Image of The Quickening: Creation and Community at the Ends of the Earth
Author(s): 
Release Date: 
August 15, 2023
Publisher/Imprint: 
Milkweed Editions
Pages: 
424
Reviewed by: 

“Maybe Antarctica could teach us all not to surrender to despair, to keep investing in a world of and beyond ourselves.”

In January of 2019, journalist and professor Elizabeth Rush set sail aboard the research vessel Palmer, bound for Antarctica’s massive Thwaites glacier. Rush’s 2008 book, Rising, a finalist for the Pulitzer Prize, looked closely at surging sea levels and climate change, and this new project brought her to the “damaged face” of Thwaites, a bellwether ice mass slipping into the Amundson Sea: “Will Miami even exist in one hundred years? Thwaites will decide.” Also heavy on her mind is whether she and her husband back home should have a baby. One of her environmentally conscious students at Vassar does not want to “raise a child in a world beset by climate catastrophe.” “Want to lessen your carbon footprint?” the student advises. “Go kid free.” But Rush doesn’t think that’s the answer.

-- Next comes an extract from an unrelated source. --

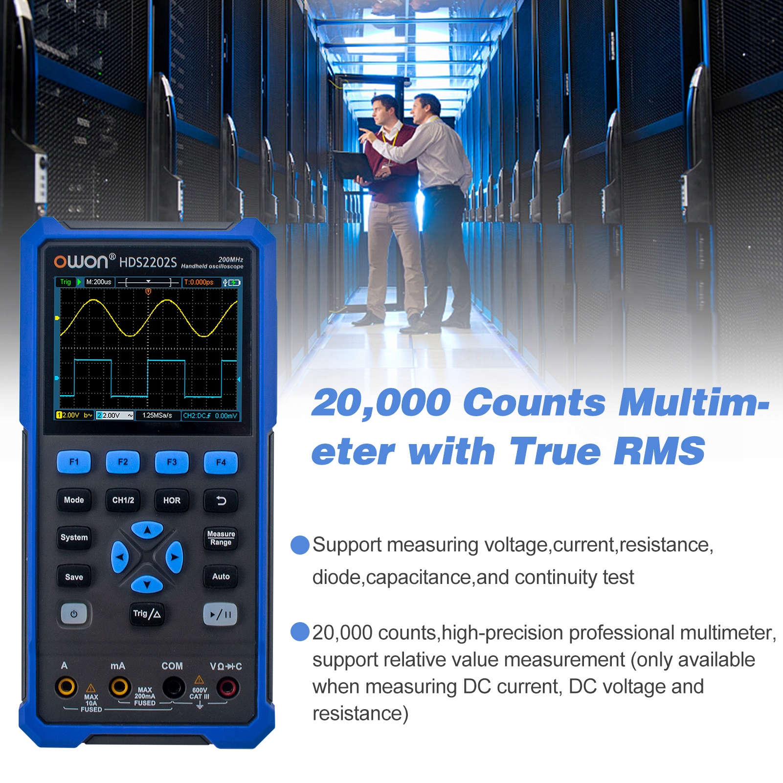 - [3 в 1 многофункциональный инструмент] вход в двойные каналы осциллографа, пропускная способность 200 МГц, скорость выборки 1GSA/s. Мультиметр - истинные среднеквадратичные среды, 20 000 подсчетов, автоматический диапазон, напряжение/ ток/ сопротивление/ диод/ пропускная способность/ тестирование непрерывности. Генератор формы волны - выходной синус, квадрат, рамп, пульс и форма волны; 1 канал, скорость отбора проб 125 мм/с, длину волны 8K.

The Quickening, a term used for the first fluttering movements of a fetus in utero, offers a refreshingly feminine perspective on the Antarctic adventure. “Most of what has been written about Antarctica was penned by lone, enraptured men.” No women were allowed on those perilous journeys led by Amundson, Scott, and Shackleton, nor were they a part of any government expeditions until the second half of the 20th century. The traditional language of polar exploration—“Her ‘broad white bosom’ draws men toward it, her ‘impenetrable’ interior the ultimate prize” or the idea that nature was an “enemy” to be conquered—belies a history of chauvinistic derring-do.

Rush focuses on more generative terms, like “calving,” which describes a cow giving birth or smaller pieces of ice breaking off an iceberg or glacier. “This linguistic echo has long delighted me, because it helped me think of Antarctica not as an inhospitable island at the bottom of the earth but as a mother, a being powerful enough to bring new life into the world.” Sadly, excessive calving is also a sign that polar ice is melting at an alarming rate, and when they finally arrive at their destination, her metaphors steer toward “Thwaites’s unfathomable fracturing, its hemorrhaging heart of milk.”

As an environmental writer dedicated to social justice and inclusivity, Rush records and transcribes interviews with the scientists, crew, and staff aboard the Palmer, prompting them to speak on a range of topics from work and climate change to family issues and the circumstances of their birth. Although similar to Studs Terkel’s oral histories, Rush formats her book more like a play where characters enter and exit the four-act nonfiction drama.  

Rush colorfully chronicles life and work aboard the ship, as well as the deeper mission with all its complications and implications to careers, science, and our knowledge of the planet. She lends a hand whenever possible, helping collect penguin bones and process core samples—and does a great job, until she forgets to properly support a stoppered tube and spills the hard-earned sediment on the floor. “It is possible to calculate how many tens of thousands of dollars it cost to retrieve this dirt, but I am less worried about that than I am about the precious information it contained, now lost.”

Accidental loss is inevitable, but much of the Antarctic experience is gained by Rush’s lyrical prose where a “frigid funnel of air thrums around the ship,” “a ghostly gray berg drags at the horizon,” and an emperor penguin’s white underbelly “flashes teal through the Southern Ocean’s stained glass . . . the flame on its long neck a stamp of light.” 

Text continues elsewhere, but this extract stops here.